Canonization process stopped for Shenandoah-native Father Ciszek

KAYLEE LINDENMUTH / SHENANDOAH SENTINEL FILE

SHENANDOAH – After several decades of work, the canonization process for a Shenandoah native has stopped.

Father Walter Ciszek had been under consideration for canonization for decades. In 2012, the Vatican gave formal approval for the canonization process to begin after well over a decade of work at the Diocesean level.

That included gathering testimony of 45 witnesses, Ciszek’s published and unpublished works, and over 4,000 documents from Jesuit archives, Russian archives, and more. It wasn’t enough.

In a letter shared with the Walter Ciszek Prayer League, Monsignor Ronald Bocian of Shenandoah’s Divine Mercy Parish said “the formal canonization process has been stopped.”
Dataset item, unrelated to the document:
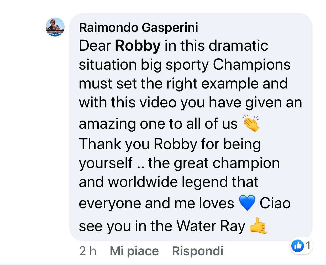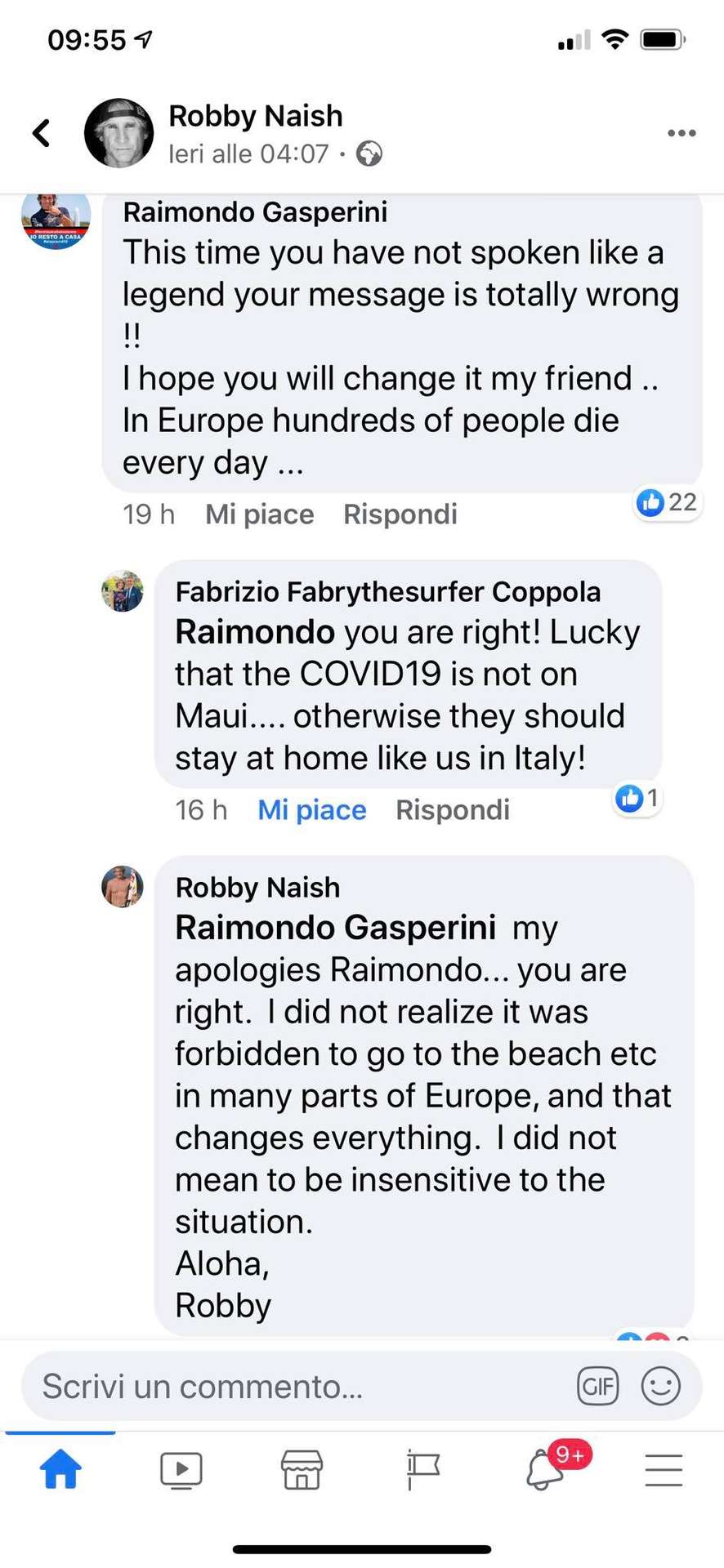 Forse Robby Naish non era ancora a conoscenza che le spiagge in Europa fossero chiuse alla pratica degli sport acquatici. Uno dei primi interventi per far comprendere meglio la difficile situazione attuale fra i vari commenti arrivati da mezza Europa anche quello del nostro Raimondo Gasperini, che grazie alla sua confidenza con lo Zio derivata da anni di conoscenza, anche a livello agonistico, gli ha fatto prontamente notare la “svista”.

“The Diocese has been informed that the documentation relating to his Cause does not support advancing his Cause for Beatification or Sainthood,” Bocian wrote. “The development comes after years of careful study and discernment at the level of the Holy See, which bears the responsibility of evaluating each Cause with thoroughness, integrity, and fidelity to the Church’s norms.”

“While this news may understandably bring disappointment to many who have been inspired by Father Ciszek’s example of heroic faith and have prayed for his Cause, it does not diminish the enduring spiritual value of his life, witness, and legacy,” he continued.

Born in Shenandoah in 1904, Ciszek, a Jesuit, volunteered in Poland in the 1930’s as a young priest until the outbreak of World War II when he fled into the Soviet Union where he was captured and imprisoned, accused of being a spy.

He was released as part of a prisoner swap in the 1960’s negotiated by President John F. Kennedy.

Bocian says the Father Walter Ciszek Prayer League will become the Father Walter Ciszek Society “and remain committed to honoring his memory, sharing his message, and encouraging devotion to the profound spiritual insights he left to the church.”